▸ Extracted data
══════════

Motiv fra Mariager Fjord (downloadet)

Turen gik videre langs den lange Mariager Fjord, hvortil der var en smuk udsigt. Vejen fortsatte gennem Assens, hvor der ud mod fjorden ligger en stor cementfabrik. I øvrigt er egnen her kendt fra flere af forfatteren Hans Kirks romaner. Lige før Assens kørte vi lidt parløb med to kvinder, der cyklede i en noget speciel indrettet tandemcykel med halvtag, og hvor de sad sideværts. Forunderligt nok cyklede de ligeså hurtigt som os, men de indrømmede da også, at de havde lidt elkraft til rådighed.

══════════

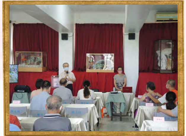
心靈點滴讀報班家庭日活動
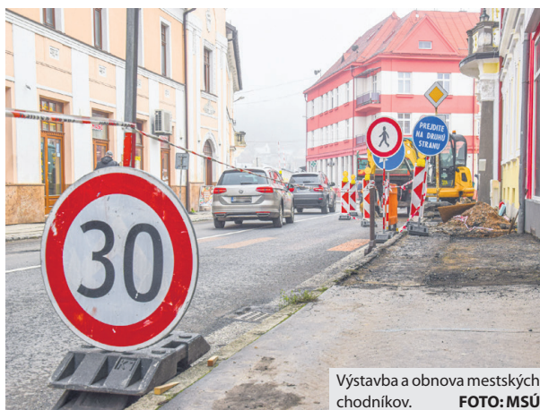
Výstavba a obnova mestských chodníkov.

══════════

▸ Task
With the line that has "Motiv fra Mariager Fjord (downloadet)" as the first and the line that has "Turen gik videre" as the last, repeat exactly that run of lines above and no more.

▸ Solved exercise
Motiv fra Mariager Fjord (downloadet)

Turen gik videre langs den lange Mariager Fjord, hvortil der var en smuk udsigt. Vejen fortsatte gennem Assens, hvor der ud mod fjorden ligger en stor cementfabrik. I øvrigt er egnen her kendt fra flere af forfatteren Hans Kirks romaner. Lige før Assens kørte vi lidt parløb med to kvinder, der cyklede i en noget speciel indrettet tandemcykel med halvtag, og hvor de sad sideværts. Forunderligt nok cyklede de ligeså hurtigt som os, men de indrømmede da også, at de havde lidt elkraft til rådighed.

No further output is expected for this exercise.